Top of Records provided

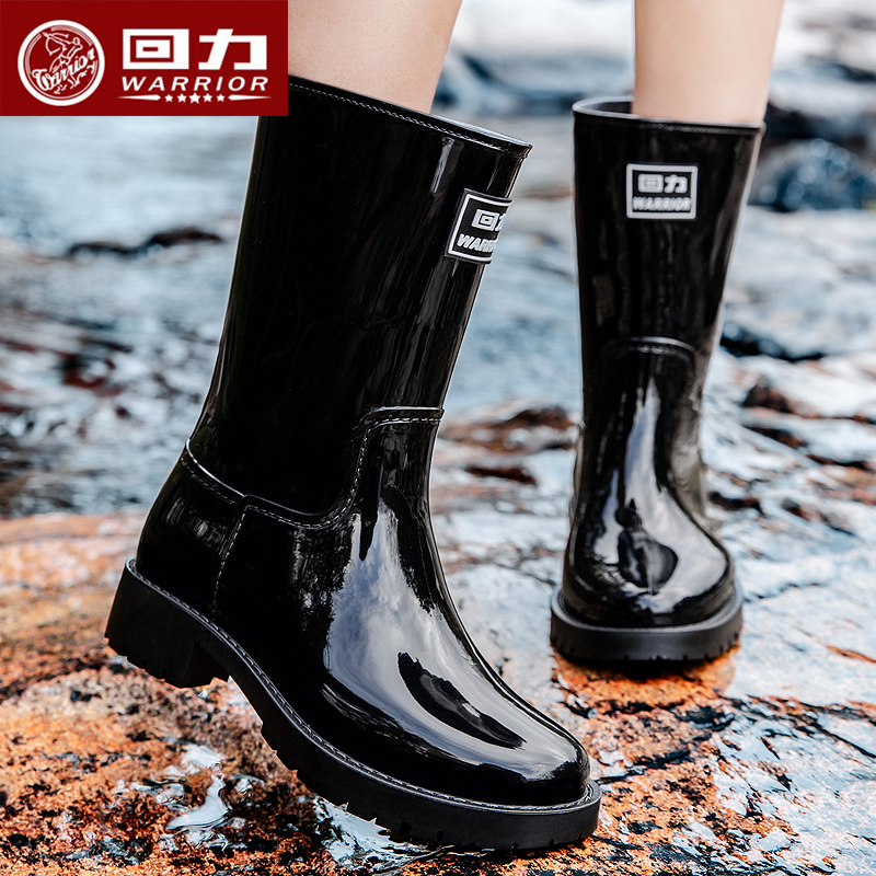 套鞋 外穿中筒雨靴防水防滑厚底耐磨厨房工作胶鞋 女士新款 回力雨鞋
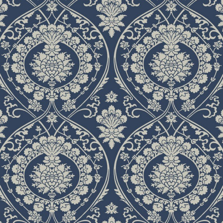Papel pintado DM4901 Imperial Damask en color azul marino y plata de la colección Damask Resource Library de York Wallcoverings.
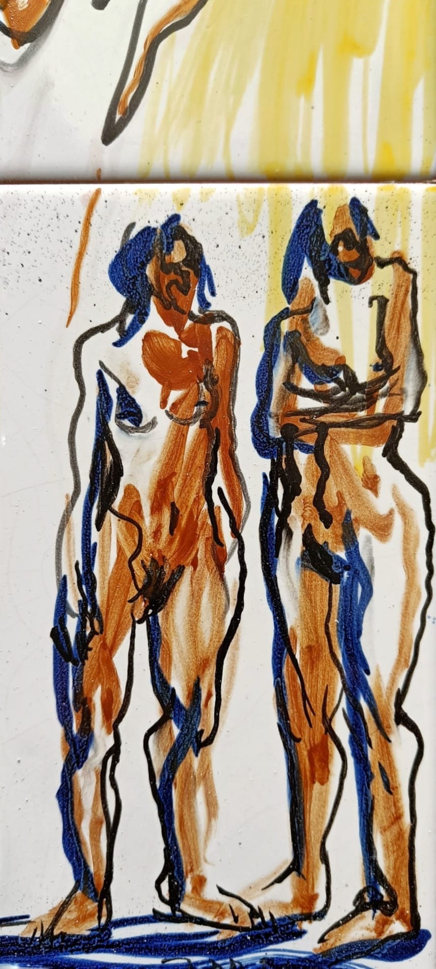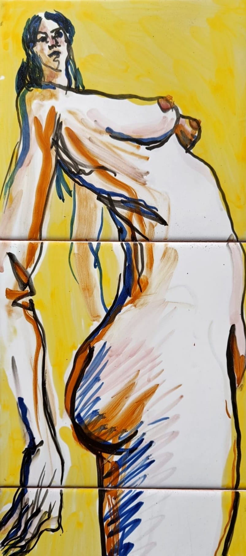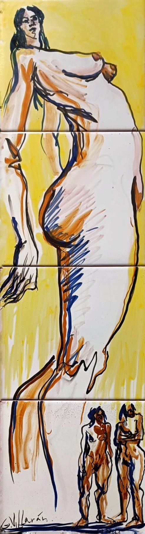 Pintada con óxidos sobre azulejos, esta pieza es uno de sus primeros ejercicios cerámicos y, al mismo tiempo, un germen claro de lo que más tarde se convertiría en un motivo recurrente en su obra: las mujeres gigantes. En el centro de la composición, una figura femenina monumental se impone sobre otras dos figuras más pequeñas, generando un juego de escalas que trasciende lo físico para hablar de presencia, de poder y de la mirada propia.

Bottom of Records provided
Top of Records provided

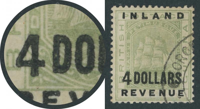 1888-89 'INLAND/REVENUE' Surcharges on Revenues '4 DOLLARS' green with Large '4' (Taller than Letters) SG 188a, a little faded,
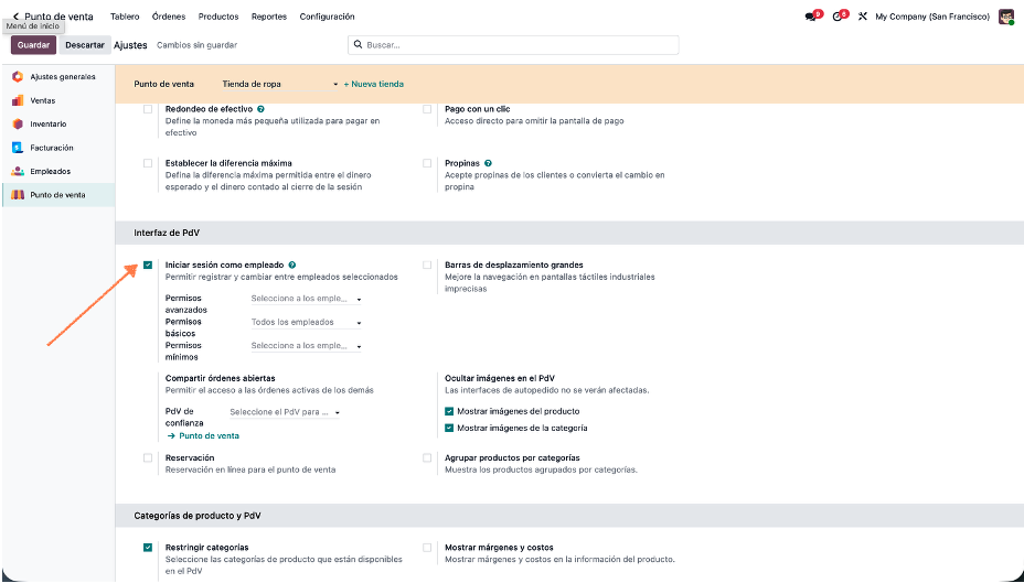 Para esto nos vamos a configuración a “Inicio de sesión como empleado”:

Bottom of Records provided
Top of Records provided

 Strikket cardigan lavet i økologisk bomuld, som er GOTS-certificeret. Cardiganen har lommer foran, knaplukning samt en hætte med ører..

Bottom of Records provided

Output exactly the lines of the listing above that start with the one holding "套鞋 外穿中筒雨靴防水防滑厚底耐磨厨房工作胶鞋 女士新款 回力雨鞋" and go on through the one holding "Pintada con óxidos"; leave the pictures out.

§ Completed task
 套鞋 外穿中筒雨靴防水防滑厚底耐磨厨房工作胶鞋 女士新款 回力雨鞋
Papel pintado DM4901 Imperial Damask en color azul marino y plata de la colección Damask Resource Library de York Wallcoverings.
 Pintada con óxidos sobre azulejos, esta pieza es uno de sus primeros ejercicios cerámicos y, al mismo tiempo, un germen claro de lo que más tarde se convertiría en un motivo recurrente en su obra: las mujeres gigantes. En el centro de la composición, una figura femenina monumental se impone sobre otras dos figuras más pequeñas, generando un juego de escalas que trasciende lo físico para hablar de presencia, de poder y de la mirada propia.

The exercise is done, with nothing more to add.